WORK ITEM => Nothing but the lines from the first line of the records below to the line holding "У травні 2024" belongs in the answer, copied exactly and without pictures.

MATERIAL PROVIDED =>

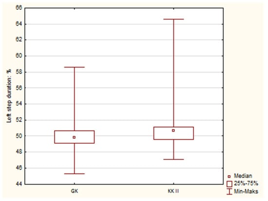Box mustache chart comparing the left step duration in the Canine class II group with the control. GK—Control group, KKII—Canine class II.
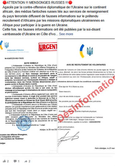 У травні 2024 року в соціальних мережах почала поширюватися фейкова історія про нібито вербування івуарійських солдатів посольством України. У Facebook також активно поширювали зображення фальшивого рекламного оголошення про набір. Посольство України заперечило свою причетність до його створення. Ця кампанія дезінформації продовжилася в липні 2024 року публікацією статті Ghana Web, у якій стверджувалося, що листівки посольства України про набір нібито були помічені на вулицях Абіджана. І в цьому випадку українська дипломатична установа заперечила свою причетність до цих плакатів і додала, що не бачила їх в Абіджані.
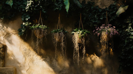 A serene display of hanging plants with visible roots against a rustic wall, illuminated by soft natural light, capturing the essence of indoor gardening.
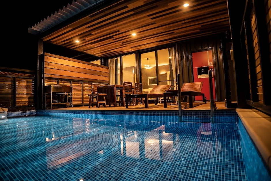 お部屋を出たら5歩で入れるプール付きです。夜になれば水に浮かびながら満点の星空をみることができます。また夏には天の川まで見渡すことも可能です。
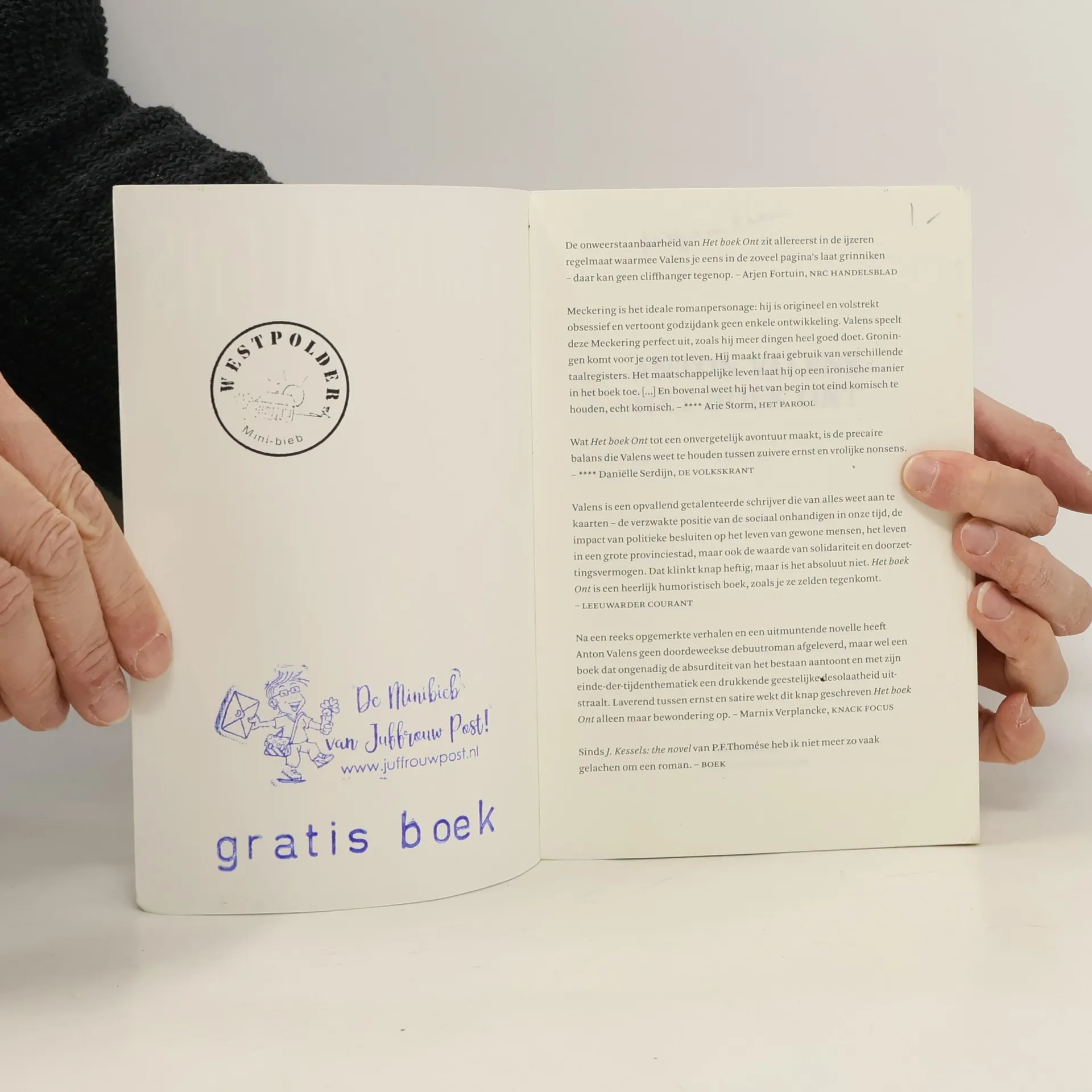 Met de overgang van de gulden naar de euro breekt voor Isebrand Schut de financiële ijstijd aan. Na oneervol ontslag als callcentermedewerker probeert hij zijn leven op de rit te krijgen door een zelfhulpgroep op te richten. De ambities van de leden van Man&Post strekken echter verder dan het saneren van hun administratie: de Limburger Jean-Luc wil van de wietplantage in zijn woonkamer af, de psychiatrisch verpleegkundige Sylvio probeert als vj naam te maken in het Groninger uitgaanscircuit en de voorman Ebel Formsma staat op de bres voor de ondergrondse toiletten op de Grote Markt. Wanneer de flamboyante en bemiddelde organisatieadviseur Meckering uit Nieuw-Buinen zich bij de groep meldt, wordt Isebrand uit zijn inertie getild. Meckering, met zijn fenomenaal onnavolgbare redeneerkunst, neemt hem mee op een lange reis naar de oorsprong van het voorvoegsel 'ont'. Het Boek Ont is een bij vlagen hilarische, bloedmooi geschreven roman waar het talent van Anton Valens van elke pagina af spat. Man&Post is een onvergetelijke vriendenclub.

OUTPUT =>
Box mustache chart comparing the left step duration in the Canine class II group with the control. GK—Control group, KKII—Canine class II.
 У травні 2024 року в соціальних мережах почала поширюватися фейкова історія про нібито вербування івуарійських солдатів посольством України. У Facebook також активно поширювали зображення фальшивого рекламного оголошення про набір. Посольство України заперечило свою причетність до його створення. Ця кампанія дезінформації продовжилася в липні 2024 року публікацією статті Ghana Web, у якій стверджувалося, що листівки посольства України про набір нібито були помічені на вулицях Абіджана. І в цьому випадку українська дипломатична установа заперечила свою причетність до цих плакатів і додала, що не бачила їх в Абіджані.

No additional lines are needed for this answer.